Is Lexus’s new NX attractive? With a bold, aggressive grille and sharp creases over its body, it’ll undeniably draw attention, but one wonders how much of that attention will be positive. Lexus’s polarizing family face, with its trapezoidal grille, is used to full effect on the NX — but here it seems to exemplify its flaws. It’s almost too bold.

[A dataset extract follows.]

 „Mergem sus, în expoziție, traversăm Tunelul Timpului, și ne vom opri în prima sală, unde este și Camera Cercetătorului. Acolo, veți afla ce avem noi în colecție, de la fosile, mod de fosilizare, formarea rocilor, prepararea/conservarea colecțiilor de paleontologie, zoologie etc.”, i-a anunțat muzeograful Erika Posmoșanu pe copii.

Still, let’s get stuck into the nitty-gritty of the Japanese automaker’s new crossover. Power will come from either a turbocharged, 2.0-liter, 4-cylinder, dubbed the NX 200t; a naturally aspirated 4-cylinder model, the base NX 200; or a hybrid system combining a 2.5-liter, 4-cylinder gas engine paired with an electric motor, which will be named the NX300h. Inside, it’ll be Lexus as usual, with a mix of metallic surfaces and soft-touch plastics and leathers. A suite of technology, including a heads-up display, dynamic radar cruise control, Human Machine Interface (yeah, we know) — which utilizes a touch pad to connect driver and car, which is a nice way of saying it controls the infotainment system — and, emphasizing Lexus’s sporting pretensions, a G sensor and boost sensor, the first in any Lexus.
If you’re a fan of the NX’s looks, expect it to reach American shores at the end of this year.

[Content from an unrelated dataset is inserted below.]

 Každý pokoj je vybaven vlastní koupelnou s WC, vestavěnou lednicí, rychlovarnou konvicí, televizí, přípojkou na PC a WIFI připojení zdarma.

Oh, BMW, how you’ve redeemed yourself. After the awkward and confusingly niche X4 crossover debuted in New York, we were beginning to lose faith in the brand. Profit seemed to be outweighing design sense. Then, those Bavarian wunderkinds unveiled their Vision Future Luxury Concept in Beijing and reminded us why the company is so successful in the first place.

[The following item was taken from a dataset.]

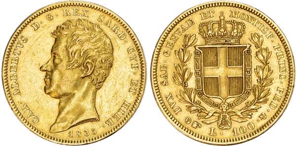 Italy, Sardinia, Carlo Alberto (1831 ‑ 1849), gold 100 Lire, 1835 P, Turin, 32.27g (Fr. 1138, KM 133.1; Pag. 141). Very Fine, some bag marks.

Awkwardly long name aside, what you’re looking at here is a strong hint at the next-generation 7-Series luxury sedan. If the final production model looks like these, we’re going to start auctioning off our loved ones. The exterior of the Vision Future is a sight to behold, taking strong styling cues from BMW’s Pininfarina-designed Gran Lusso Coupe, with strong edges, an enlarged double-kidney grille and swathes of highly polished metal. Thanks to the use of carbon in its construction, including the seat frames — which are incorporated directly into the load-bearing structure — there’s an incredibly slim B-pillar. That was necessary, as the Vision Future features wide-opening coach doors, to allow elegant ingress and egress.
Inside, it’s a tech-lover’s dream, with three displays offering a wealth of information across the wraparound cockpit. Voice control is onboard, as is a head-up display, which can detect and highlight buildings, traffic signs and hazards in the driver’s line of sight. There’s even a separate display for front passengers, which can access the vehicle’s infotainment systems, letting passengers control media and settings without disturbing or distracting the driver. Passengers in the rear have access to detachable tablets, which use the car’s modem to enable Internet streaming of music and video. Those in the rear seats can also enjoy personal “comfort zones,” with retractable tables and a large console separating the two rear seats from one another.
Under the hood? BMW isn’t saying, but the concept wears the brand’s eDrive badge, which suggests it’s likely powered by a hybrid engine. If it can deliver the performance of Mercedes-Benz’s V12 S-Class luxury sedan with the economy of a smaller engine, the Vision Future’s successor — likely to be named the 7-Series — could be a world-beater in the luxury market.